Twenty years after its debut, the play has come around again in relevance, though comedy is its principle aim. The societal and economic problems driving Willie and Esther to crime rebounded during the current recession. Anderson has also relocated the script from Los Angeles to Memphis, changing street names and adding local references.
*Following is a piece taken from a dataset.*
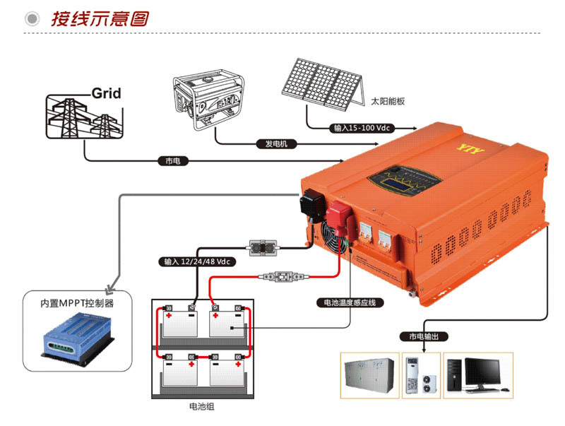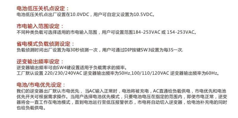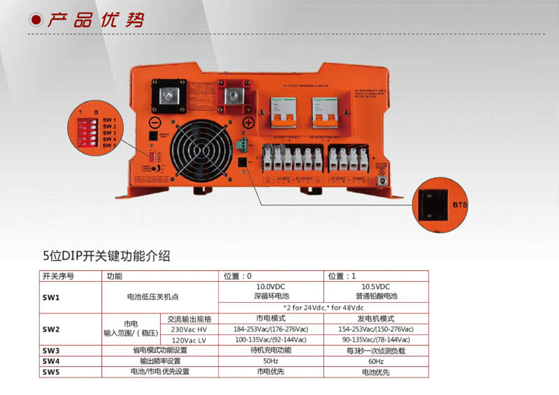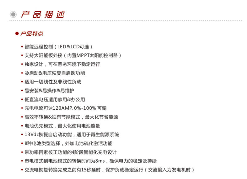 產(chǎn)品簡介: 一元48VDC 380VAC三相儲能逆變器100%支持三相不平衡;可同時帶單相負載及三相負載,支持三相不平衡。過載能力可高達額定功率300%(持續(xù)20秒),內(nèi)置大電流充電器,充電電流0-100%可調(diào)。內(nèi)置過載、短路、過壓、欠壓、過溫等保護功能,市電模式到電池模式的轉(zhuǎn)換時間為8ms,確保電力的穩(wěn)定及持續(xù),根據(jù)負載類型可選輸入市電壓范圍(318-438V或266-438V)。

In a way, the duo personifies that couple commuters see arguing at bus stops. If Bronson’s play does anything more than make you laugh, it’ll make you a little more sympathetic to good people who are way down on their luck.
“Willie & Esther”
The play continues at 7:30 p.m. Thursdays, 8 p.m. Fridays and Saturdays and 3 p.m. Sundays through Jan. 24 at Hattiloo Theatre, 656 Marshall. Tickets are $10-$22. Call 525-0009.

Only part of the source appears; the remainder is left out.